RECORD SET ::
▼▼▼
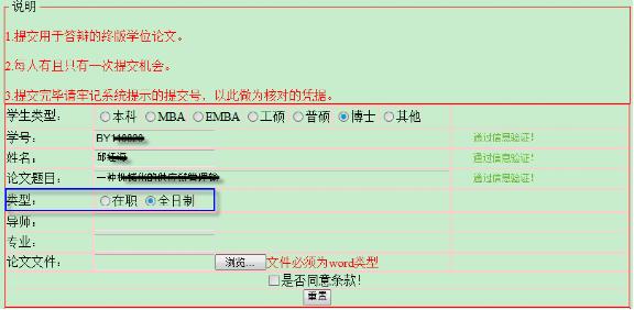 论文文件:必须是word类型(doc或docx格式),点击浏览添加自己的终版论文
▲▲▲
▼▼▼
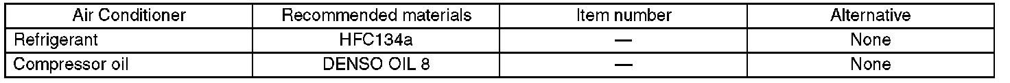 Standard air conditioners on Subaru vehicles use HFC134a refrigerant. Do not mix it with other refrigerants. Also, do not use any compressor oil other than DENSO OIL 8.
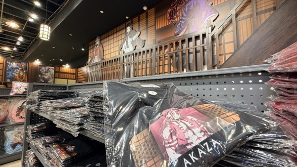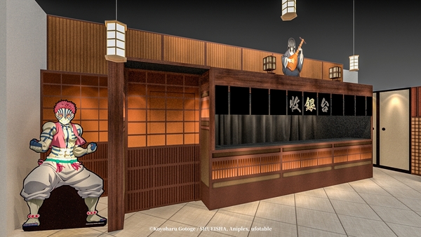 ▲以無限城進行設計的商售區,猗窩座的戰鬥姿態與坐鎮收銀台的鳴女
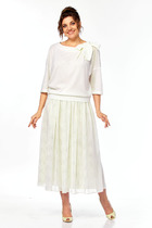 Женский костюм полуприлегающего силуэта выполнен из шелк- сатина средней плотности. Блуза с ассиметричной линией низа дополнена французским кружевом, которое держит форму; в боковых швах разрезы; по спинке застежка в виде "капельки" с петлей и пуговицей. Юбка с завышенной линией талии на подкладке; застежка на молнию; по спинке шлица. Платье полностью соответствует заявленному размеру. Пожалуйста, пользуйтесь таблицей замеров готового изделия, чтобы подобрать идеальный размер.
▲▲▲
▼▼▼
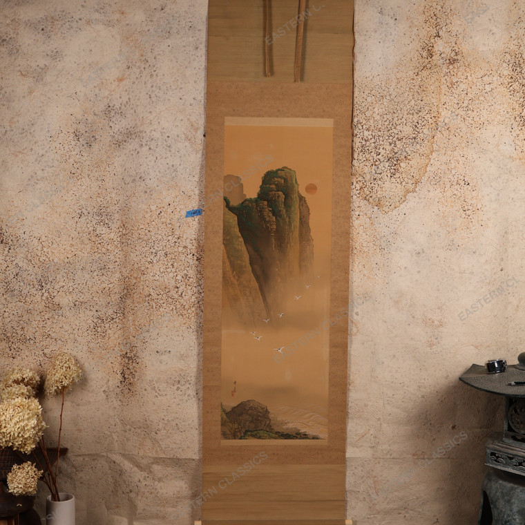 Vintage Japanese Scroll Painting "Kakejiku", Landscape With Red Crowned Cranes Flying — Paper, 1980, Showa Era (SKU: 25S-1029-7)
▲▲▲
WHAT YOU SHOULD DO :: Working from the entries above, please transcribe only the lines from the line with "Standard air conditioners" through the line with "Женский костюм полуприлегающего", exactly, with both end lines and without pictures.

EXPECTED ANSWER ::
 Standard air conditioners on Subaru vehicles use HFC134a refrigerant. Do not mix it with other refrigerants. Also, do not use any compressor oil other than DENSO OIL 8.
 ▲以無限城進行設計的商售區,猗窩座的戰鬥姿態與坐鎮收銀台的鳴女
 Женский костюм полуприлегающего силуэта выполнен из шелк- сатина средней плотности. Блуза с ассиметричной линией низа дополнена французским кружевом, которое держит форму; в боковых швах разрезы; по спинке застежка в виде "капельки" с петлей и пуговицей. Юбка с завышенной линией талии на подкладке; застежка на молнию; по спинке шлица. Платье полностью соответствует заявленному размеру. Пожалуйста, пользуйтесь таблицей замеров готового изделия, чтобы подобрать идеальный размер.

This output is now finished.